4.5.2 Import data into student_trans

4.5.3 Create a polymerized view based on student_trans

4.5.4 Aggregate Query Original Table and Query Materialized View Comparison

4.5.5 Other Common Commands of Materialized View


1. The view in hive

Students who have used mysql views should be familiar with the concept of views. Views are virtual tables that can temporarily store query data. Views are also provided in hive.
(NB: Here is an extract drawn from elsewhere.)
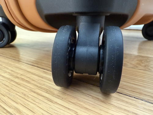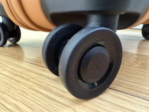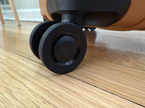 It has some of the quietest wheels I’ve ever seen. They don’t bounce around. They’re smooth and have 360-degree roll capability. The first time I used them on the airport floor, I felt like I was skating on ice with my Cubo.

Views in hive have the following characteristics:

  • The view (view) in Hive is a virtual table, which only saves the definition and does not actually store the data;
  • Generated views are usually created from actual physical table queries, and new views can also be created from existing views;
  • When a view is created, the view's schema is frozen, and if the underlying tables are dropped or altered, the view will fail;

Views are used to simplify operations, do not buffer records, and do not improve query performance

Two, hive view syntax and operation

2.1 Data preparation

There are the following tables under the test database

 Use the t_usa_covid19 table and insert some data

2.2 Create a view

2.2.1 Create a common view

create view v_usa_covid19 as select count_date, county,state,deaths from t_usa_covid19 limit 10;

After the creation is successful, you can use: show views to view the view; 

2.2.2 Create a view based on a view

Create a view again based on the view created above

create view v_usa_covid19_from_view as select * from v_usa_covid19 limit 5;

2.3 View view definition

show create table view name;

2.4 Using Views

After the view is created, you can query data based on the view, such as using the first view to query data

select * from v_usa_covid19;

The data can be returned normally; 

 Notice

The view is virtual and can only be used for query-related operations, and cannot insert data into the view

2.5 Delete view

drop view name

2.6 Changing View Properties

Add a comment name to the view

alter view v_usa_covid19 set TBLPROPERTIES ('comment' = 'This is my view');

2.7 Changing the view definition

Query only certain fields specified

alter view v_usa_covid19 as  select county,deaths from t_usa_covid19 limit 5;

3. The benefits of using views

3.1 Only provide specific column data in the real table to users, and protect data implicitly

The following example using views to restrict data access can be used to protect information from random queries

3.1.1 Create a table

create table userinfo(firstname string, lastname string, ssn string, password string);

3.1.2 Create a view based on this table

This view only returns some fields, for example, the password is more private and will not be returned;

create view safer_user_info as select firstname, lastname from userinfo;

3.2 Reduce query complexity and optimize query statements

The following is a nested subquery statement

from (          

                select * from people join cart                                    

                                on(cart.pepople_id = people.id) where firstname = 'join'  )  a select a.lastname where a.id = 3;

Using views, you can encapsulate the internal relational query as a view

create view shorter_join as select * from people join cart   n (cart.pepople_id = people.id) where firstname = 'join';

Once you have a view, you can simplify the query statement based on the view

select lastname from shorter_join where id = 3;

Four, hive materialized view

4.1 Hive materialized view concept

Materialized View is a database object including query results, which can be used to pre-calculate and save the results of time-consuming operations such as table joins or aggregations. When executing queries, these time-consuming operations can be avoided, and results can be obtained quickly.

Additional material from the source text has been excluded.